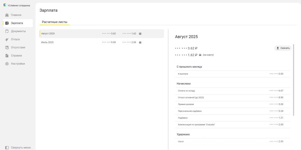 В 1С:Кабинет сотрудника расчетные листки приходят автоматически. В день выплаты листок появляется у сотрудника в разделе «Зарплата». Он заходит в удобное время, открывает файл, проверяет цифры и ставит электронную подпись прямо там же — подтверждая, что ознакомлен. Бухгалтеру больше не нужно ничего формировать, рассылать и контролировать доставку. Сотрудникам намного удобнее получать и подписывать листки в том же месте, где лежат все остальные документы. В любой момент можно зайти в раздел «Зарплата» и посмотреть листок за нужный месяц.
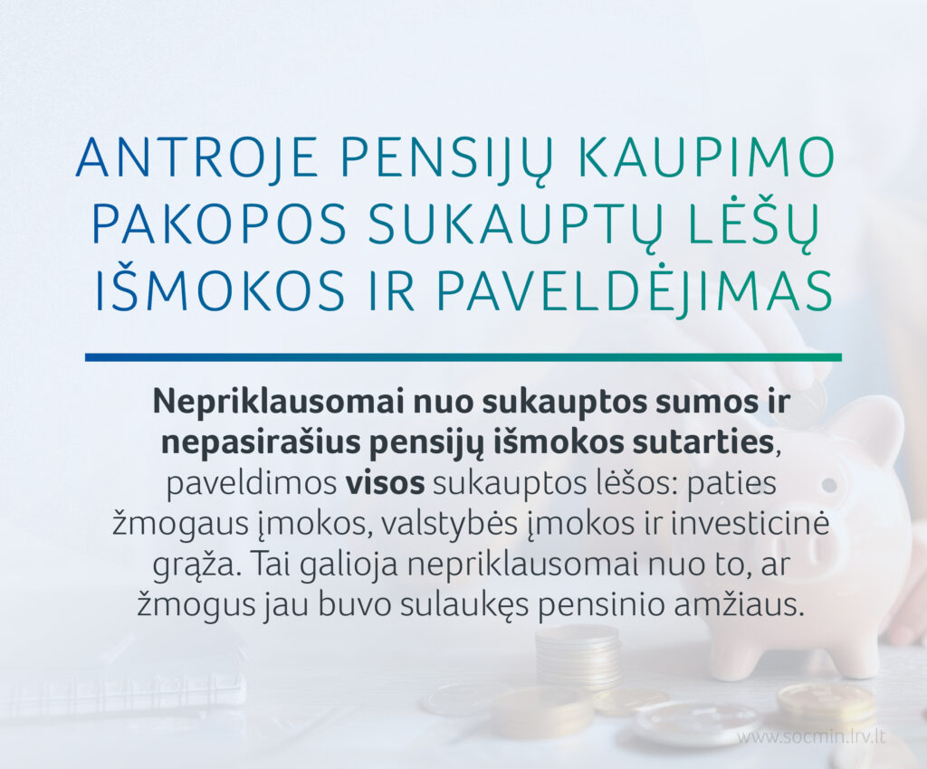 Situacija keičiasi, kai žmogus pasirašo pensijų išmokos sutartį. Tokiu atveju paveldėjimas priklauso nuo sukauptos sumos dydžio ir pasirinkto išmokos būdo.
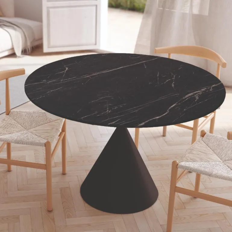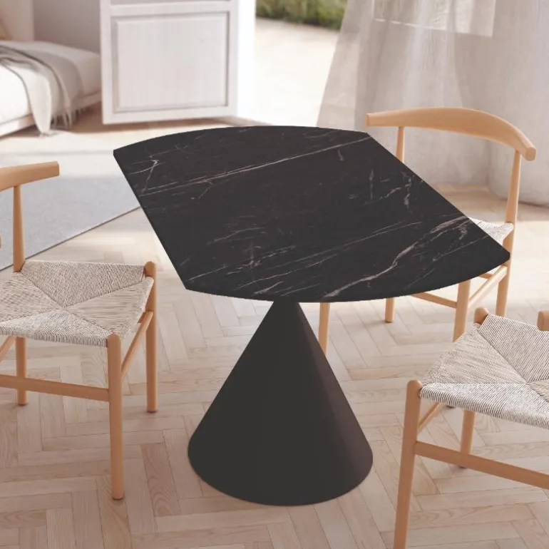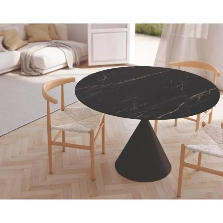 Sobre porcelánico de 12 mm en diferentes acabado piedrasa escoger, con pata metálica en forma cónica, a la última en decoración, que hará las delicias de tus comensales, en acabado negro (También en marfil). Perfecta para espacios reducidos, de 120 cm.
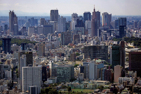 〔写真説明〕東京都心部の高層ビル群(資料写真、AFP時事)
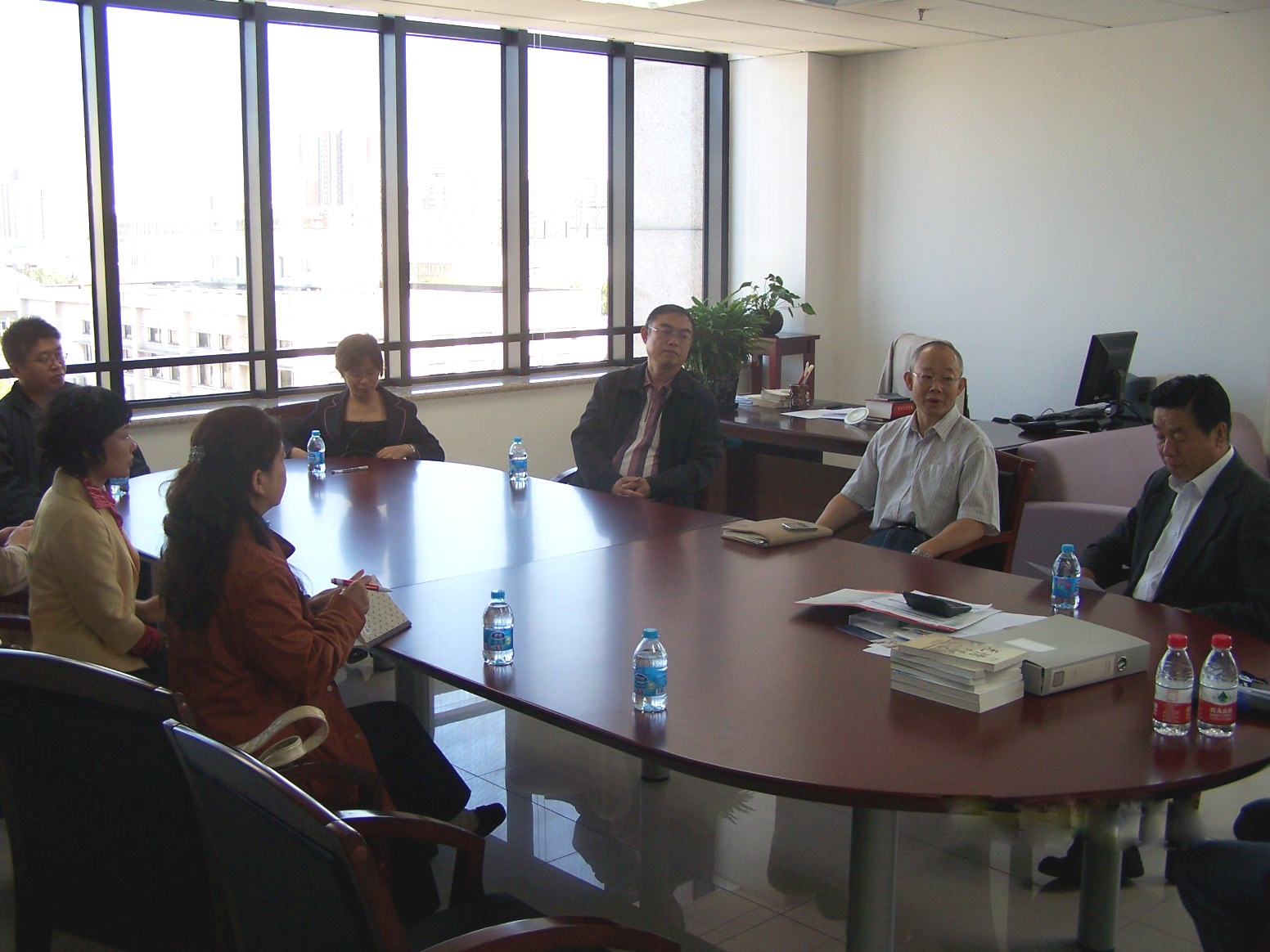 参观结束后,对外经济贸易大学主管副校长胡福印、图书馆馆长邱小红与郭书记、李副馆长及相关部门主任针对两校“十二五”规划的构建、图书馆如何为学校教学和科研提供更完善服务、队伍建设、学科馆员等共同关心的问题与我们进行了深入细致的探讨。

□ □ □ □ □

Work required:
Only the lines from the one with "Sobre porcelánico de" through the final line of the data should be written out, exactly and including both ends. Skip the pictures.

Response area:
 Sobre porcelánico de 12 mm en diferentes acabado piedrasa escoger, con pata metálica en forma cónica, a la última en decoración, que hará las delicias de tus comensales, en acabado negro (También en marfil). Perfecta para espacios reducidos, de 120 cm.
 〔写真説明〕東京都心部の高層ビル群(資料写真、AFP時事)
 参观结束后,对外经济贸易大学主管副校长胡福印、图书馆馆长邱小红与郭书记、李副馆长及相关部门主任针对两校“十二五”规划的构建、图书馆如何为学校教学和科研提供更完善服务、队伍建设、学科馆员等共同关心的问题与我们进行了深入细致的探讨。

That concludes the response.